In Relationship Forever

beautiful colorful sunset with sun rays
November 2, 2003

John 11:17-27

There’s a German proverb which says, “Those who live in Christ will never see each other for the last time.” It is a beautiful thought, isn’t it?  It is certainly a thought that is apropos to this feast that we celebrate today, the feast of All Souls.  For today we remember our beloved dead and look forward to be reunited with them. Yet the older that we become and the closer that we draw to death, the easier it is to begin to doubt whether the reality of life after death is true. Once we have really lost someone we love in death, the more tempted we may be to ask, whether we are we only kidding ourselves about eternal life. Could it be that we do not want to face the frightful possibility that death is the final curtain, the end of the line?

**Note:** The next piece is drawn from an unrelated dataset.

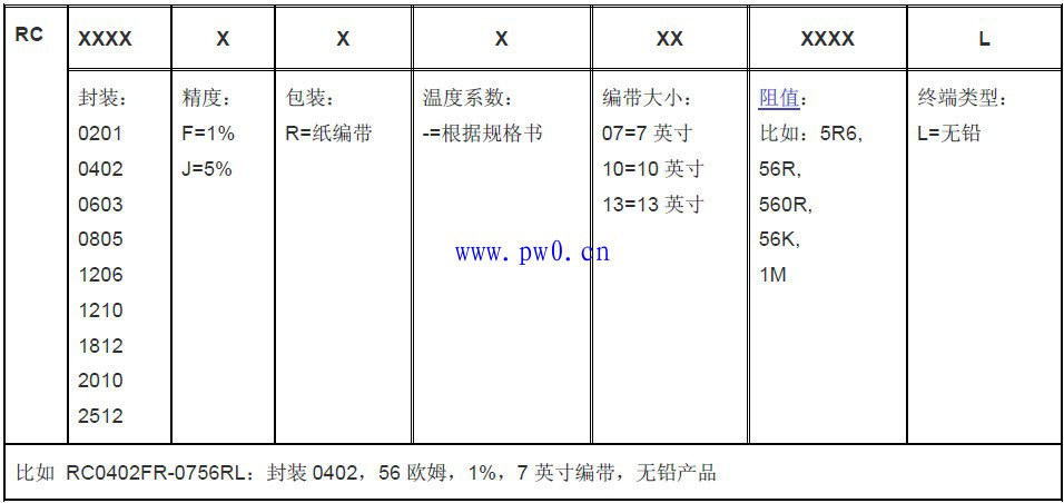 0603,0805,1206,1210,1812,2010,2512 上面印有3 位数或者4 位数。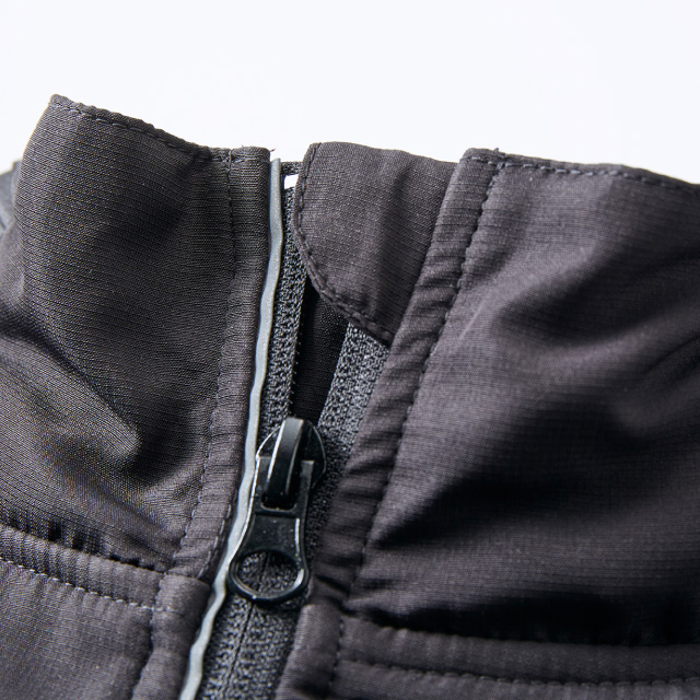 | 素材 | ポリエステル100% マイクロリップストップ 裏地(胴):ポリエステルフリース 裏地(袖):ポリエステル100%タフタ 保温材(袖):ポリエステル100% 脇下:ポリエステル100%ストレッチリブ ファスナーはシングルスライダー フロントファスナー(首元)にはリフレクターテープ付 |

Life after death, of course, requires belief. There is no way to prove eternal life. Yet can we find something to support our faith? Is there something that we can point to that could assist us in believing? We certainly have the words of Christ and the teaching of the church. Jesus says in today’s gospel, “I am the resurrection and the life. Those who believe in me, even if they die will live. And those who believe and live in me will never die.” The consistent teaching of the church throughout the centuries is that Christ has conquered death and that we will reign with Christ forever. That is our faith. Yet, death is so personal and seemingly so final. Is there something else that can support us? Is there something more personal on which we can base the belief in eternal life?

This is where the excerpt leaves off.